• _Task description_:
Print out the data below in full and exactly, skipping the pictures.

(Data provided Opens)

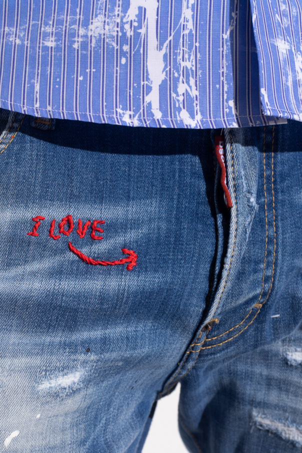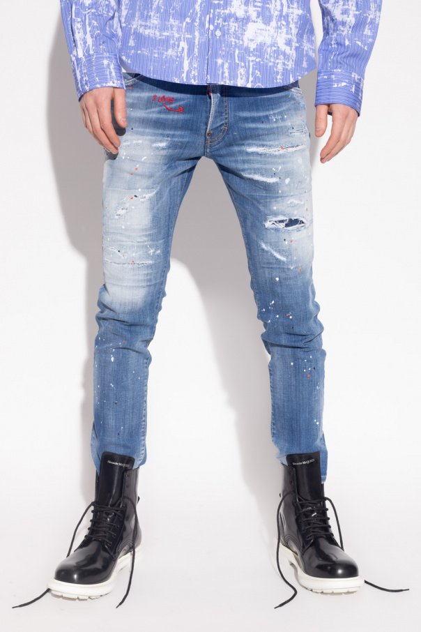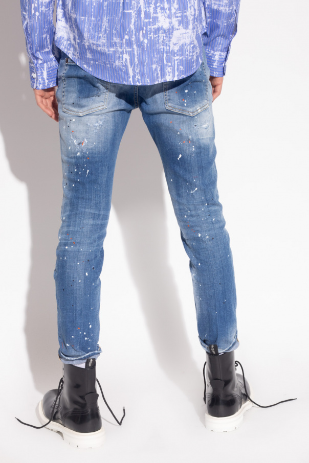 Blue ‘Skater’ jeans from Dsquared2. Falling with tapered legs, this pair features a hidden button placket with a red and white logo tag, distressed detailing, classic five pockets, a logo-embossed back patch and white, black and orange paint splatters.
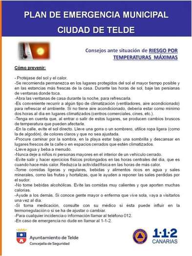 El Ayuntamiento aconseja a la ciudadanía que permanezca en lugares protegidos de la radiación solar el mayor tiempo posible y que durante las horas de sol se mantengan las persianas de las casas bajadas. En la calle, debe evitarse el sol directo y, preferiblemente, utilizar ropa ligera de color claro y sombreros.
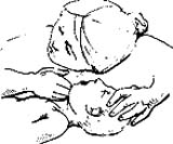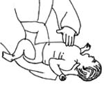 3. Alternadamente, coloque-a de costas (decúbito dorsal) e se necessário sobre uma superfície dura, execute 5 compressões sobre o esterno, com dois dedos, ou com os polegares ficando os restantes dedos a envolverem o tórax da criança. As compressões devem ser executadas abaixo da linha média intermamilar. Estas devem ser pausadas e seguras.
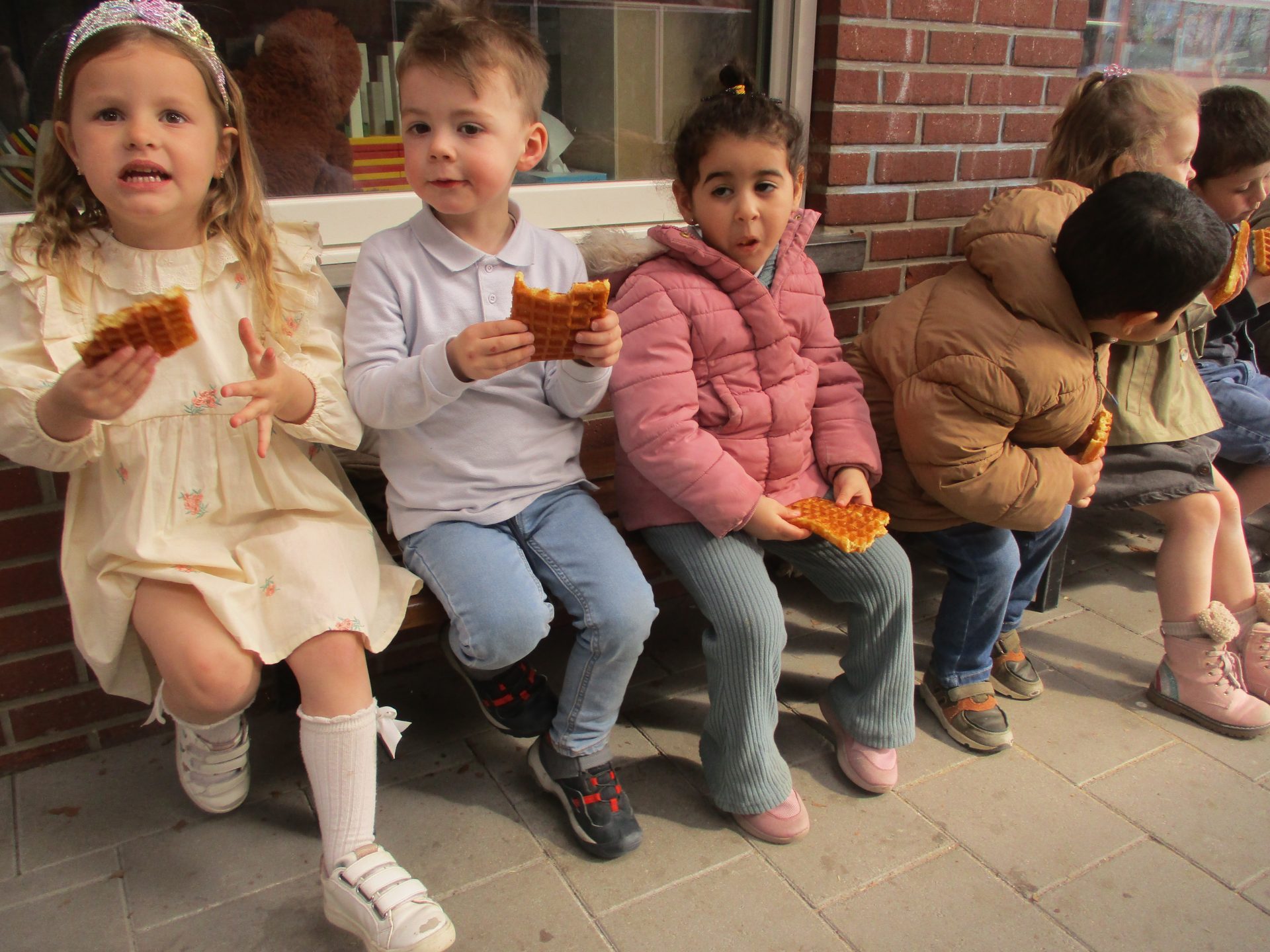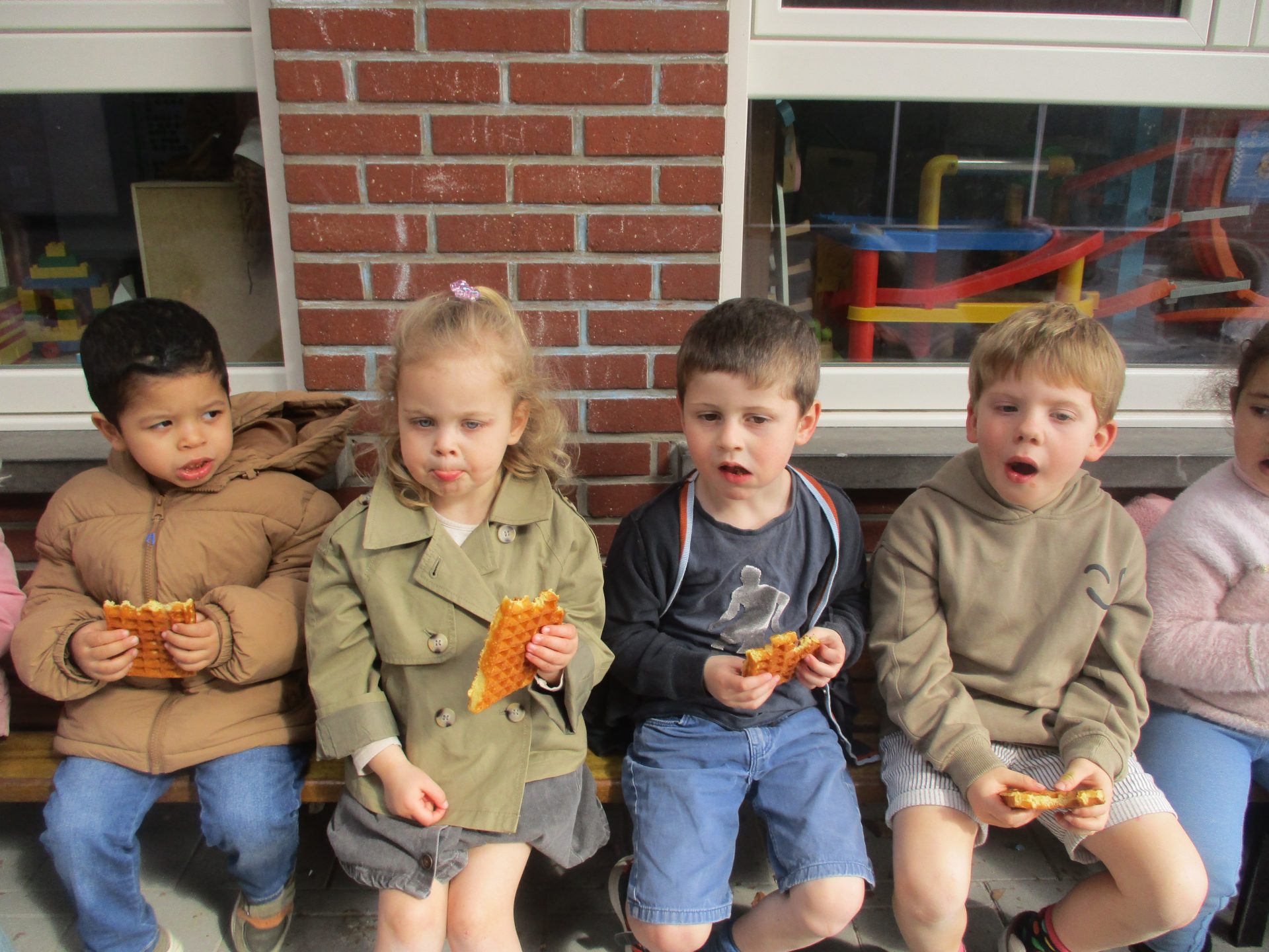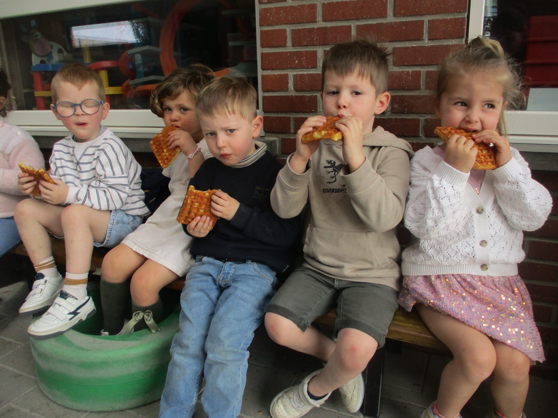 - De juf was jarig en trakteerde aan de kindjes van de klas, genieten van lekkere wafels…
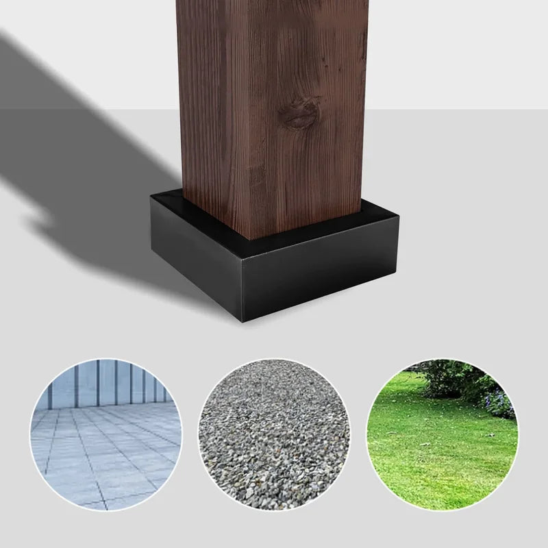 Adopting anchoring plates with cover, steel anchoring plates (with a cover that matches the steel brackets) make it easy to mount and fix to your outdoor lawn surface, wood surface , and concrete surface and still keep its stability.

(Data provided Closes)

• _Result of this task_:
 Blue ‘Skater’ jeans from Dsquared2. Falling with tapered legs, this pair features a hidden button placket with a red and white logo tag, distressed detailing, classic five pockets, a logo-embossed back patch and white, black and orange paint splatters.
 El Ayuntamiento aconseja a la ciudadanía que permanezca en lugares protegidos de la radiación solar el mayor tiempo posible y que durante las horas de sol se mantengan las persianas de las casas bajadas. En la calle, debe evitarse el sol directo y, preferiblemente, utilizar ropa ligera de color claro y sombreros.
 3. Alternadamente, coloque-a de costas (decúbito dorsal) e se necessário sobre uma superfície dura, execute 5 compressões sobre o esterno, com dois dedos, ou com os polegares ficando os restantes dedos a envolverem o tórax da criança. As compressões devem ser executadas abaixo da linha média intermamilar. Estas devem ser pausadas e seguras.
 - De juf was jarig en trakteerde aan de kindjes van de klas, genieten van lekkere wafels…
 Adopting anchoring plates with cover, steel anchoring plates (with a cover that matches the steel brackets) make it easy to mount and fix to your outdoor lawn surface, wood surface , and concrete surface and still keep its stability.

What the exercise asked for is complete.